In 1985, the New York Times Magazine featured a shoeless Jean-Michel Basquiat on its cover. Titled “New Art, New Money,” the piece it ran with was ostensibly about the artist, but its focus was really the vague concept of the “art star”—a celebrity who not only made a lot of money (largely unheard of), but who didn’t care if others knew how much money they made (terribly uncool). Art stars, the article said, went to the Midtown New York hotspot Mr. Chow, a trendy watering hole that doubled as a place to be seen and a place to have a drink. That made Basquiat quite unlike Jackson Pollock and his contemporaries, whose clubhouse, the West Village Cedar Tavern, was described as “grubby” and anonymous.

Often spotted beside Keith Haring and Andy Warhol, Basquiat would show up to Mr. Chow decked out in an Armani suit. He’d drink kir royale and socialize with the art-world elite.
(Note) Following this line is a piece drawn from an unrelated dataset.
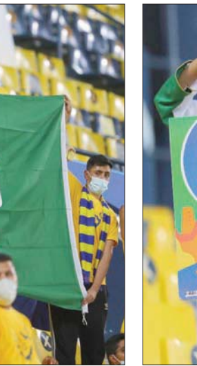
مشجعان يحتفلان باليوم الوطني

كما تعاون الاتحاد السعودي للرياضة مع الاتحاد السعودي للرياضة ومؤسسة «مسك الخيرية»، لإطلاق مسيرة الدراجات تمتد لمسافة 15 كلم في تاريخ 23 سبتمبر احتفالاً باليوم الوطني السعودي الـ91 في كل من الرياض والخبر جيدة.

At the time of writing, he was 24. He had gone from selling drawings for $50 in 1980 to selling canvases “at a brisk pace—so brisk, some observers joked, that the paint was barely dry,” the article said. Basquiat said he worried he had become a “gallery mascot.” Not everyone knew what to make of the young Black man and his frenetic, rebellious paintings, but everyone wanted to be associated with him. Everyone still does.

Despite his outsized reputation, Basquiat’s career did not last long—he died at 27 of a heroin overdose in 1988. According to Phoebe Hoban’s book Basquiat: A Quick Killing in Art, the artist left behind “917 drawings, 25 sketchbooks, 85 prints, and 171 paintings.” Nevertheless, that oeuvre has become one of the defining ones of the 20th century.

In May 2016, one of his “Head” paintings sold for $57.3 million. The following year, Untitled, a Basquiat from 1982, sold for $110.5 million at Sotheby’s, setting a record for an American artist. The dealer Jeffrey Deitch, who gave the eulogy at Basquiat’s funeral, said after the sale that the artist was now in the “same league” as Pablo Picasso, meaning—maybe—that Basquiat’s prices were buoyed by a similar alchemy: limited supply, raw talent, and a fascinating biography. And his work is getting the major surveys it deserves, too—one focused on hip-hop and his paintings is now on view at the Museum of Fine Arts Boston.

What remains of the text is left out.